EXERCISE DESCRIPTION
All lines below must be repeated exactly, with the pictures omitted.

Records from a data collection
===

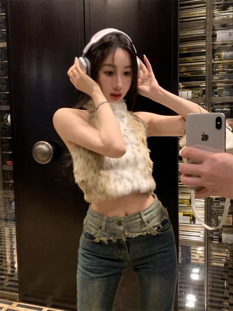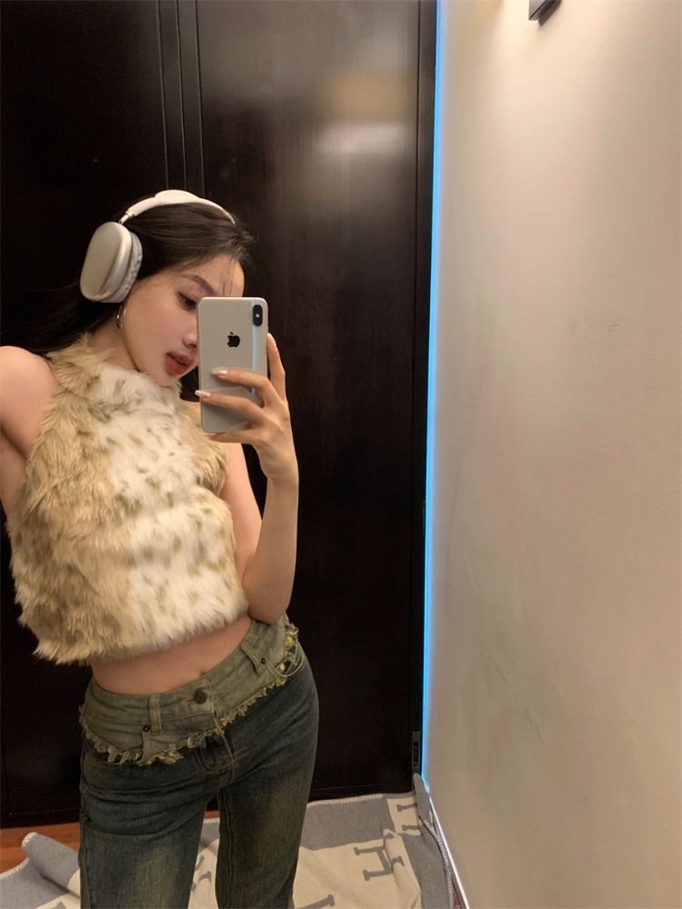 【跨境批发】辣妹豹纹毛毛挂脖背心女性感修身短款露背内搭吊带
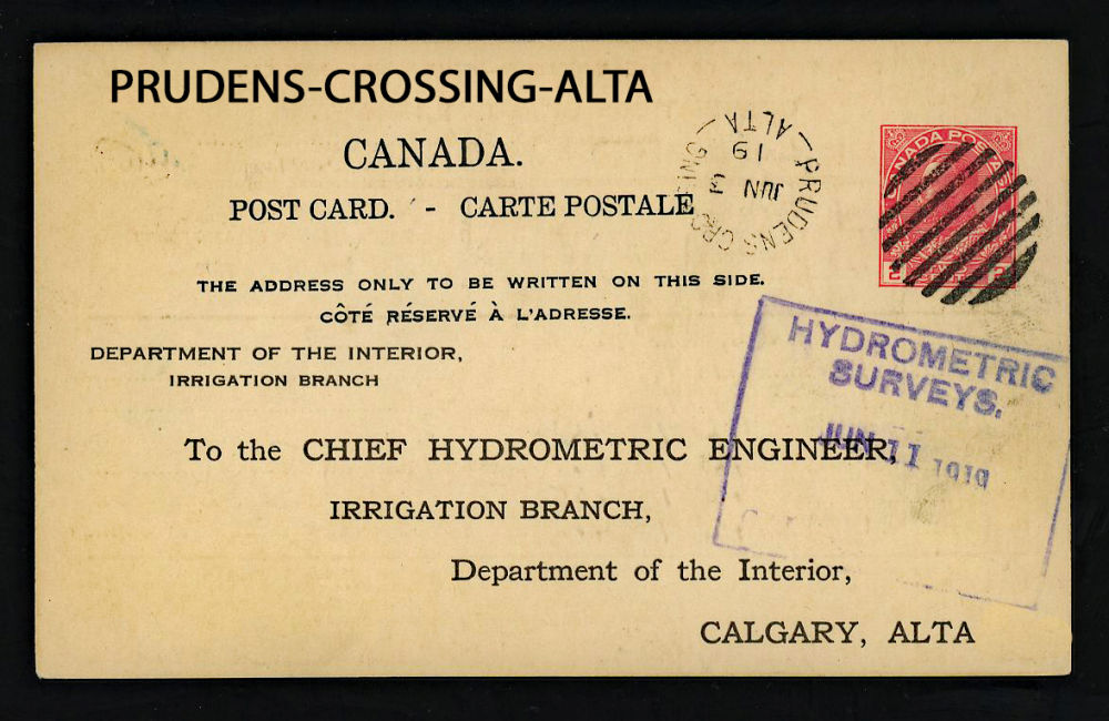 124 image1919 PRUDENS-CROSSING-ALTA (1917-1925 RF-E), split-ring dated JUN-3-1919 on a water level survey card to Calgary, retails $75 US ($100 CDN), F-VF est ($50+ US) (Image)
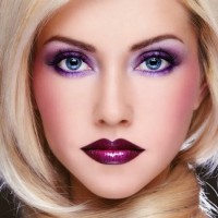 blonde hair styled in waves, wearing dark lipstick and purple makeup around her eyes. She has
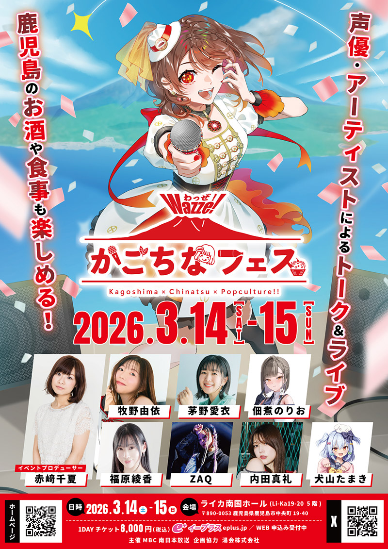 2026年3月14日(土)、15日(日)に鹿児島にて開催される『Wazze!かごちなフェス』にZAQの出演が決定!
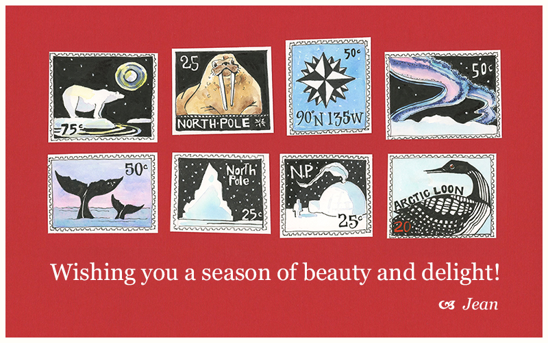 A note about this artwork: I created eight arctic stamps this year as part of a Christmas letter I write each year from the North Pole to several special children. I included the stamps in a different format in the Christmas letter, but thought they made a nice collection when viewed together. Have a wonder-filled and Merry Christmas!
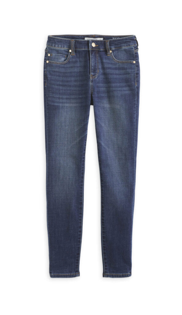 With a waistline that sits about 2 inches above the belly button, high-waisted jeans create a more defined silhouette. High-waisted jeans make your legs look longer and look great with tucked-in shirts and shorter tops. A tip from our stylist Molly: “Choose a style with stretch for ultimate comfort all day long—look for styles with about 2% stretch or 3% if you want extra freedom of movement.”
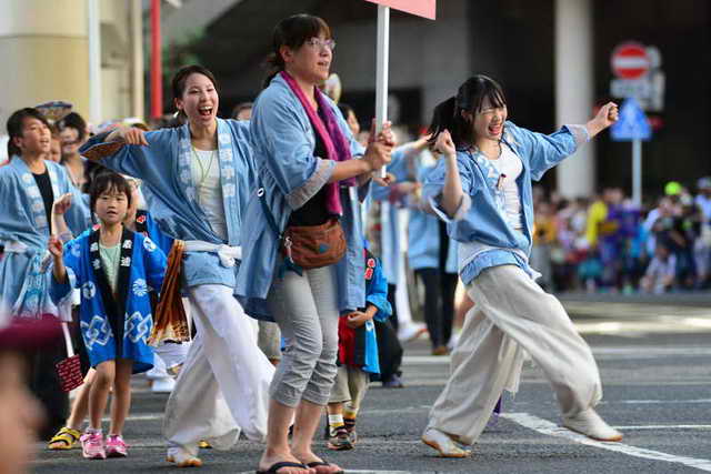 第四,五张是市役所的队伍,她们不与民间争锋,衣装素净,舞姿庄重,中规中矩。
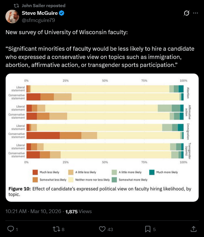 Steve McGuire highlights a concerning poll from the University of Wisconsin. If the results are any indication, dissent from the political orthodoxy on campus is still discouraged.
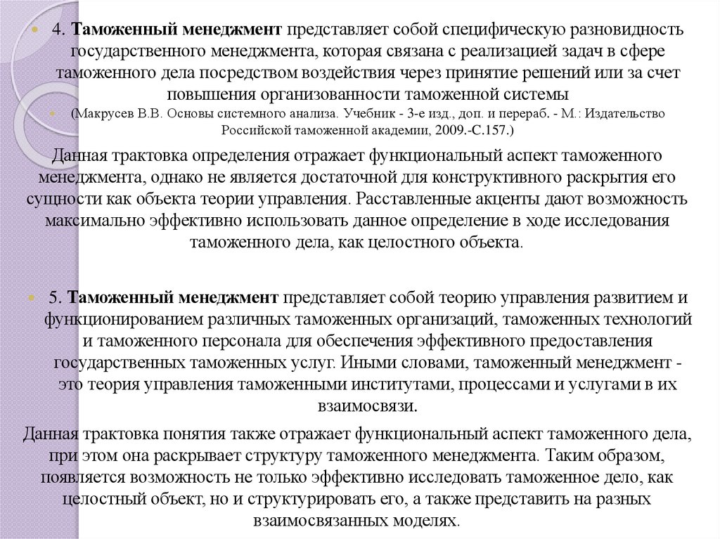 2. В специальном смысле таможенный менеджмент представляет собой форму
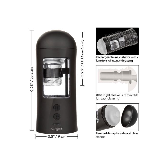 De Masturbator Bionic Stroking van CalExotics is een op zichzelf staande stotende masturbator gemaakt om de zintuigen te omhullen met een volledig aanpasbare streelervaring. Een ultradichte kamer met textuur wikkelt zich strak om je heen, terwijl 7 functies van intense stuwkracht zorgen voor een heerlijk hoogtepunt. Een ultradichte, ultrazachte, levensechte sleeve kan worden verwijderd voor reiniging of onafhankelijk van de stroker worden gebruikt. Door de afneembare dop is de masturbator perfect om mee te nemen op reis. Geniet van meer dan 60 minuten streelplezier op lage snelheid en laad de masturbator op in slechts 5 uur met de meegeleverde USB-kabel.
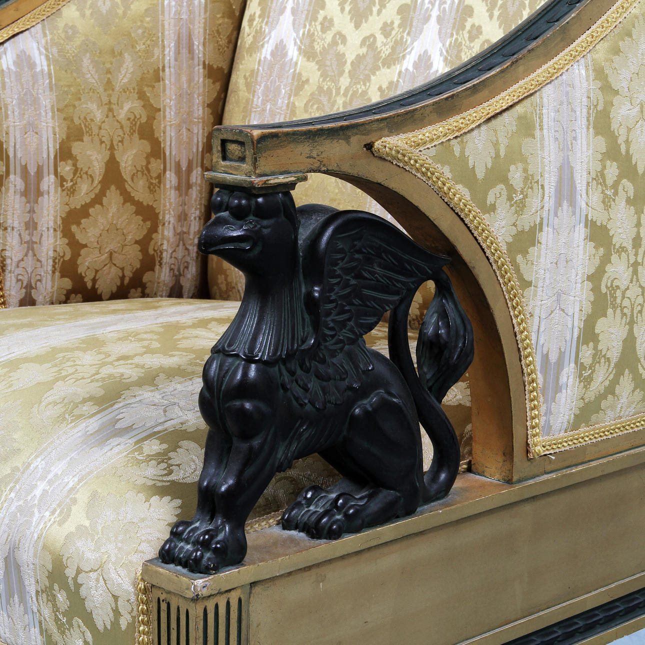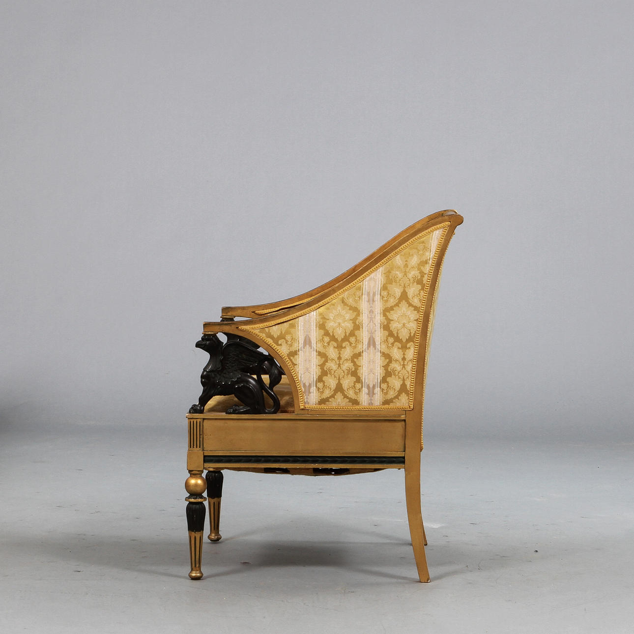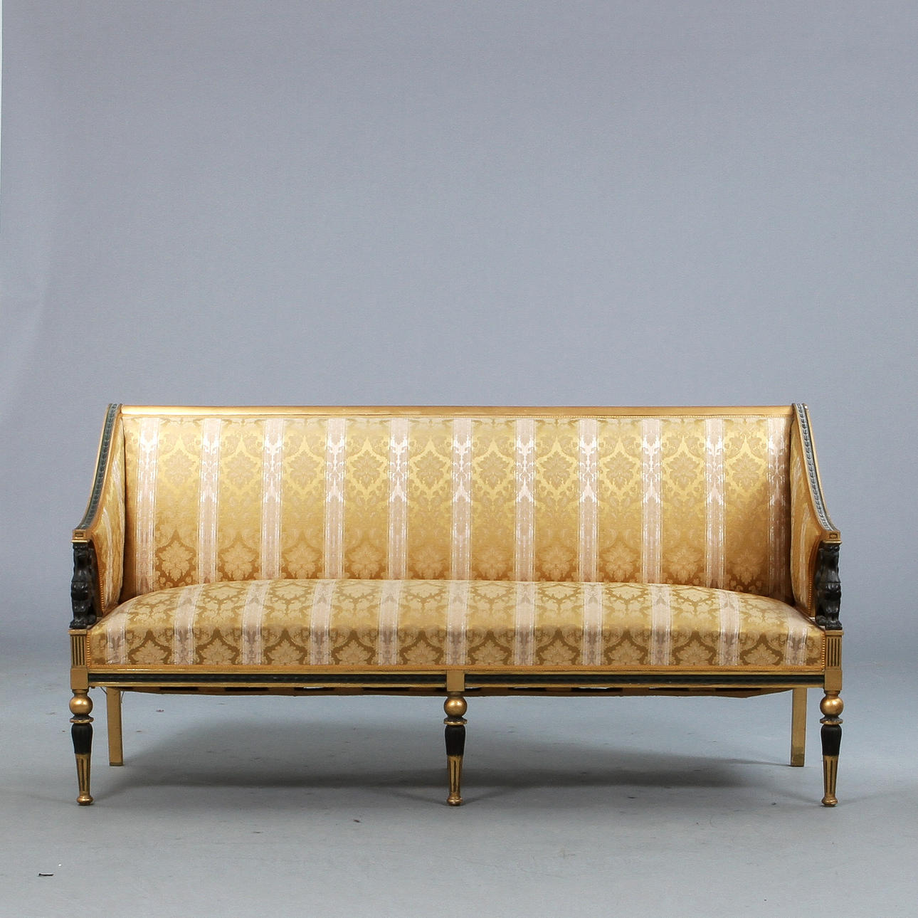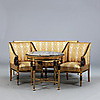 Soffa, längd 185 cm, 2 fåtöljer, bord med stenskiva, diameter 85 cm, höjd 76 cm.
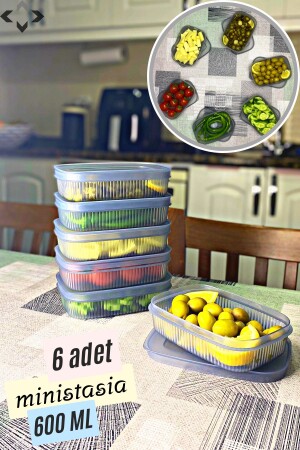 حاوية تخزين صغيرة من 6 حزمة من MNZ-Ministasia مع غطاء - الإفطار - حاوية الثلاجة 600 مل 6 قطع مناسبة للتواصل مع الطعام. لا

===

ANSWER FOR THIS EXERCISE
 【跨境批发】辣妹豹纹毛毛挂脖背心女性感修身短款露背内搭吊带
 124 image1919 PRUDENS-CROSSING-ALTA (1917-1925 RF-E), split-ring dated JUN-3-1919 on a water level survey card to Calgary, retails $75 US ($100 CDN), F-VF est ($50+ US) (Image)
 blonde hair styled in waves, wearing dark lipstick and purple makeup around her eyes. She has
 2026年3月14日(土)、15日(日)に鹿児島にて開催される『Wazze!かごちなフェス』にZAQの出演が決定!
 A note about this artwork: I created eight arctic stamps this year as part of a Christmas letter I write each year from the North Pole to several special children. I included the stamps in a different format in the Christmas letter, but thought they made a nice collection when viewed together. Have a wonder-filled and Merry Christmas!
 With a waistline that sits about 2 inches above the belly button, high-waisted jeans create a more defined silhouette. High-waisted jeans make your legs look longer and look great with tucked-in shirts and shorter tops. A tip from our stylist Molly: “Choose a style with stretch for ultimate comfort all day long—look for styles with about 2% stretch or 3% if you want extra freedom of movement.”
 第四,五张是市役所的队伍,她们不与民间争锋,衣装素净,舞姿庄重,中规中矩。
 Steve McGuire highlights a concerning poll from the University of Wisconsin. If the results are any indication, dissent from the political orthodoxy on campus is still discouraged.
 2. В специальном смысле таможенный менеджмент представляет собой форму
 De Masturbator Bionic Stroking van CalExotics is een op zichzelf staande stotende masturbator gemaakt om de zintuigen te omhullen met een volledig aanpasbare streelervaring. Een ultradichte kamer met textuur wikkelt zich strak om je heen, terwijl 7 functies van intense stuwkracht zorgen voor een heerlijk hoogtepunt. Een ultradichte, ultrazachte, levensechte sleeve kan worden verwijderd voor reiniging of onafhankelijk van de stroker worden gebruikt. Door de afneembare dop is de masturbator perfect om mee te nemen op reis. Geniet van meer dan 60 minuten streelplezier op lage snelheid en laad de masturbator op in slechts 5 uur met de meegeleverde USB-kabel.
 Soffa, längd 185 cm, 2 fåtöljer, bord med stenskiva, diameter 85 cm, höjd 76 cm.
 حاوية تخزين صغيرة من 6 حزمة من MNZ-Ministasia مع غطاء - الإفطار - حاوية الثلاجة 600 مل 6 قطع مناسبة للتواصل مع الطعام. لا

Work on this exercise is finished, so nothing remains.